One advantage of using exact statistics is the fact that we have significantly more flexibility when it comes to specifying sufficient statistics. Just like one would do when working with Generalized Linear Models in R (the “glm” function), users can alter the specified formula adding arbitrary offsets (using the offset function), or creating new terms by using the “I” function. In this brief example, where we will estimate a model that includes networks of size four and five, we will add an interaction effect between the edge-count statistic and the indicator function that equals one if the network is of size 5. This way, while poling the data, we will still be able to obtain different edge-count estimates depending on the number of vertices in the graph.

# Simulating networks of different sizes set.seed(12344) nets <- rbernoulli(c(rep(4, 10), rep(5, 10)), c(rep(.2, 10), rep(.1, 10)))

Fitting an ergmito under the Bernoulli model

ans0 <- ergmito(nets ~ edges) summary(ans0) #> #> ERGMito estimates (MLE) #> This model includes 20 networks. #> #> formula: #> nets ~ edges #> #> Estimate Std.
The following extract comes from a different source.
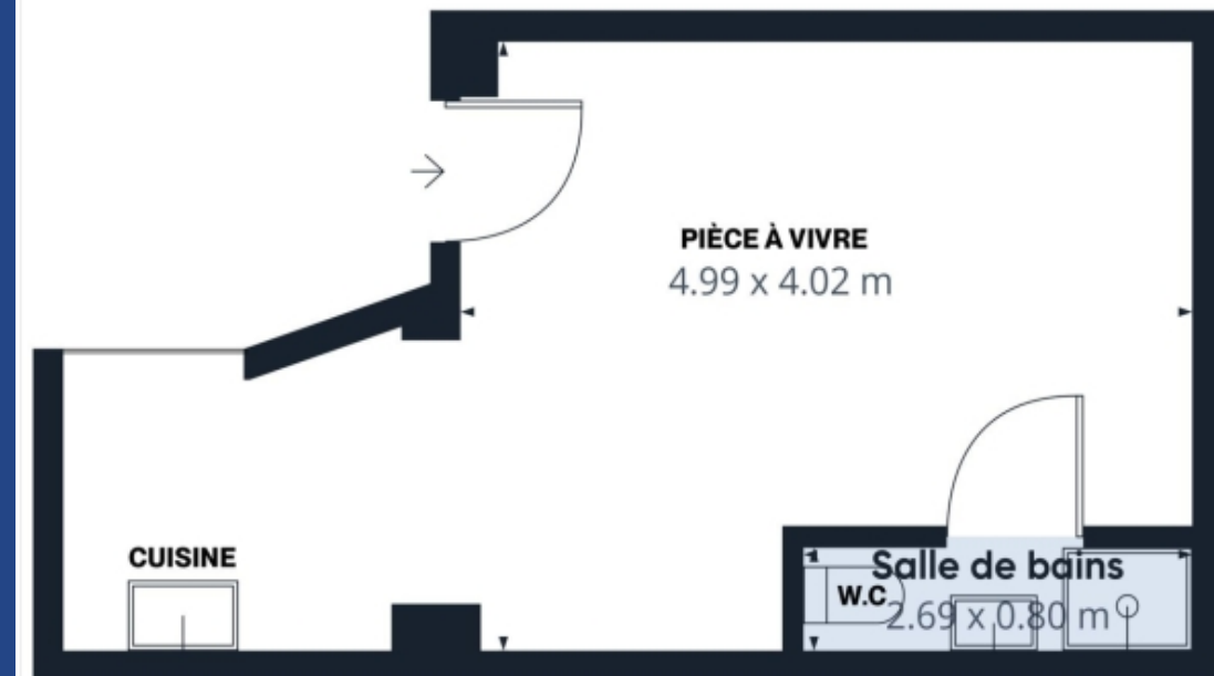
PLAN T1 SUPERFICIE - 25,85 m 2
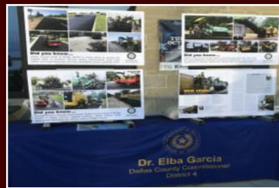
El equipo de Caminos y Puentes del Distrito 4 en el Big Event de Grand Prairie

Error z value Pr(>|z|) #> edges -1.68640 0.15396 -10.954 < 2.2e-16 *** #> --- #> Signif. codes: 0 '***' 0.001 '**' 0.01 '*' 0.05 '.' 0.1 ' ' 1 #> AIC: 279.3753 BIC: 283.1436 (Smaller is better.)

Fitting the model including a reference term for networks of size 5. Notice that the variable -n- and other graph attributes can be used with -model_update-.

ans1 <- ergmito(nets ~ edges, model_update = ~ I(edges * (n == 5))) summary(ans1) #> #> ERGMito estimates (MLE) #> This model includes 20 networks. #> #> formula: #> nets ~ edges + I(edges * (n == 5)) #> #> Estimate Std. Error z value Pr(>|z|) #> edges -1.18958 0.21583 -5.5116 3.556e-08 *** #> I(edges * (n == 5)) -0.90116 0.31250 -2.8837 0.00393 ** #> --- #> Signif. codes: 0 '***' 0.001 '**' 0.01 '*' 0.05 '.' 0.1 ' ' 1 #> AIC: 272.9916 BIC: 280.5282 (Smaller is better.)

The resulting parameter for the edge-count is smaller for networks of size five

We can see that in this case the difference in edge-count matters.

Please note that the ‘ergmito’ project is released with a Contributor Code of Conduct. By contributing to this project, you agree to abide by its terms.